Direct skeletal attachment of prosthetic limbs, commonly known as osseointegration (“OI”), is being investigated by our team with the goal of safely introducing this technology into the United States for human use. OI technology allows for anchorage of prosthetic devices directly to bone using an intramedullary stem. For OI to be effective and secure, bone ingrowth and remodeling around the implant must be achieved. Physicians need an effective way to measure bone remodeling in order to make informed decisions on prescribed loading. This work describes methodology that was developed that utilizes computed tomography (CT) imaging as a tool for analyzing bone remodeling around an osseointegrated implant.

Method

A subject implanted with a new Percutaneous Osseointegrated Prosthesis (POP) (DJO Surgical, Austin, TX) had CTs taken of their residual femur at 6-weeks and 12-months post-op in a FDA Early Feasibility Study with Institutional Review Board approval. Three-dimensional models of the femur were created from dicom files of the CT slices using Mimics (v21.0, Materialise, Leuven, Belgium). Each scan was segmented into four objects: cortical bone, medullary cavity, total volume (cortical bone plus the medullary cavity) and endoprosthetic stem (Fig. 1).

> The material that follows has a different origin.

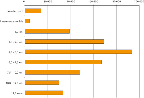 Nær 4 000 fritidshus befinner seg innenfor verneområder som er registrert i nasjonal vernebase, jf. fig. 5.8. Om lag halvparten av alle fritidshus ligger nærmere enn fem km. fra et verneområde. Ca. 3,5 prosent av fritidshusene ligger i et tettsted.

Following segmentation, models were uploaded to 3-Matic Research (v13.0, Materialise, Leuven, Blegium) in STL format for alignment to a common world coordinate system (Fig. 2). A common origin was set by taking the average distance between planes of the femoral head and the greater trochanter. Once aligned to the coordinate system, biomechanical length (BML) was calculated from the proximal origin to the distal end of the amputated femur.

BML and STLs of the aligned medullary cavity and femur volume were entered into custom Matlab code designed to measure cortical and medullary morphology in transverse cross sections of the femur. Morphology data from 6-weeks and 12-month time points were compared in order to determine if bone remodeling around the POP implant could be detected using these methods.